Perusahaan arsitektur cip ARM yang diperlukan oleh Lenovo belum pula memberi jawaban berkaitan perihal ini, seperti ditulis Telegraph. Perang dagang Amerika Serikat (AS) -China kayaknya berkembang berubah menjadi perang dingin tehnologi antar ke dua negara.

Awalnya, pemerintah Trump sudah melarang perusahaan AS untuk bekerja bersama dengan perusahaan telekomunikasi China, Huawei, pada awal tahun ini. Desakan AS terhadap perusahaan di negara itu makin tinggi, sampai pada akhirnya pada Mei, Intel, Qualcomm, serta Google menginformasikan mereka bakal hentikan kerja sama-sama dengan Huawei.

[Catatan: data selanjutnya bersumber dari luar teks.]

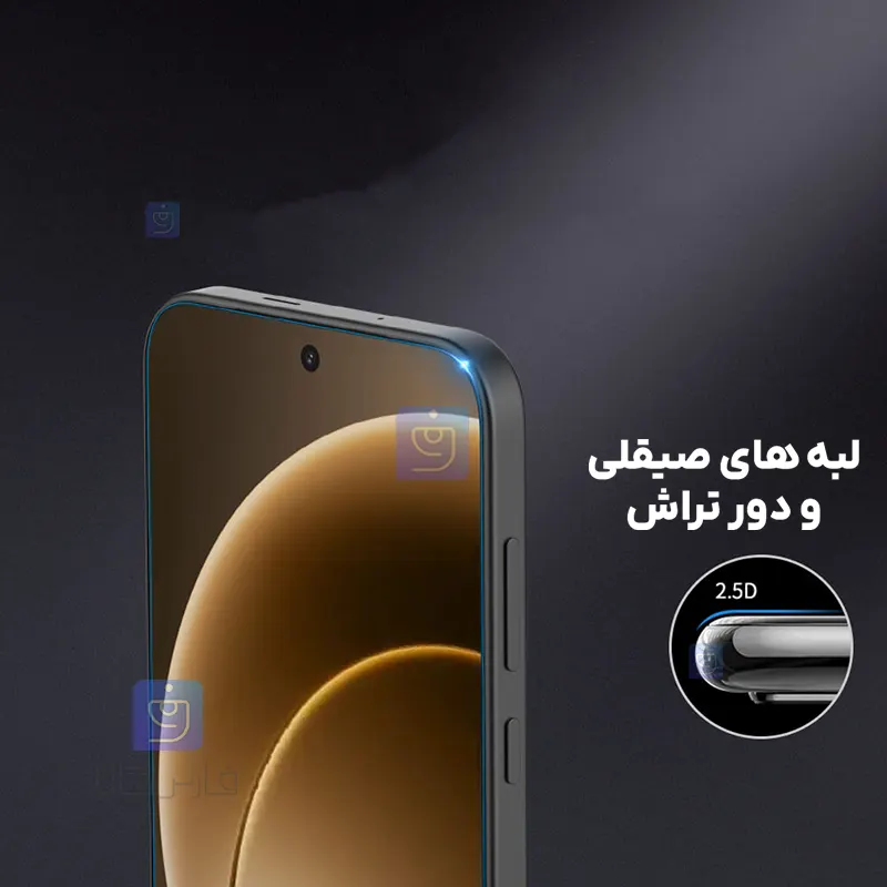 شرکت نیلکین با استفاده از دستگاه برش CNC لبه های این محصول را با انحنای 2.5D صیقل داده است تا لبه های گلس نسبت به ضربه و ترک مقاومت بهتری داشته باشد و با تمامی قاب ها و گارد ها قابل استفاده باشد .

Dengan singkirkan China dari kemodernan tehnologi barat, pemerintah Trump sudah menabuh genderang perang kompetisi tehnologi dari dua negara dengan ekonomi terkuat dunia ini. Hingga kita dapat lihat siapa yang terkuat dari ke dua negara ini dalam dua dekade ke depan.

Daftar Smartphone Baru Pendukung Sinyal 5G

Ini yaitu petunjuk publik pertama yang dilaksanakan pemerintah China yang menentukan obyek detail berbentuk penentuan tehnologi asing diCina. Tidak hanya itu, langkah ini berubah menjadi satu diantara kiat China untuk meningkatkan tehnologi sendiri serta melepas diri dari ketergantungan tehnologi barat.

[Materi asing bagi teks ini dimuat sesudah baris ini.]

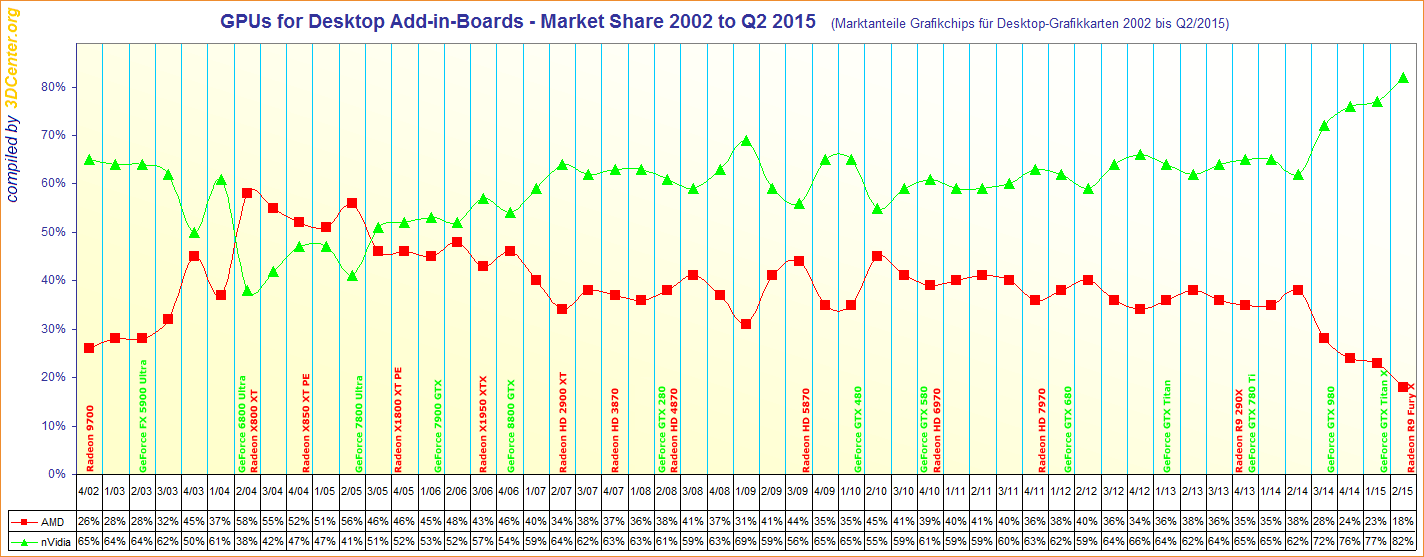 Marktanteile Grafikchips für Desktop-Grafikkarten 2002 bis Q2/2015

Menurut sang analis, perintah itu dilepaskan oleh kantor pusat Partai Komunis China awal tahun ini. Dua karyawan dari perusahaan keamanan siber mengecek bila konsumen mereka di pemerintahan sudah memvisualisasikan peraturan itu.

Menukar semua computer serta software seperti yang dilaksanakan pemerintah China sangat menentang. Lantaran, banyak produk computer sekarang ini sudah diciptakan sesuai metode operasi Windows punya Microsoft. Sekarang ini, pemerintah China memang condong gunakan computer hasil perusahaan China, seperti Lenovo. Namun, elemen piranti keras, seperti processor serta penyimpanan keras dibikin oleh perusahaan Amerika.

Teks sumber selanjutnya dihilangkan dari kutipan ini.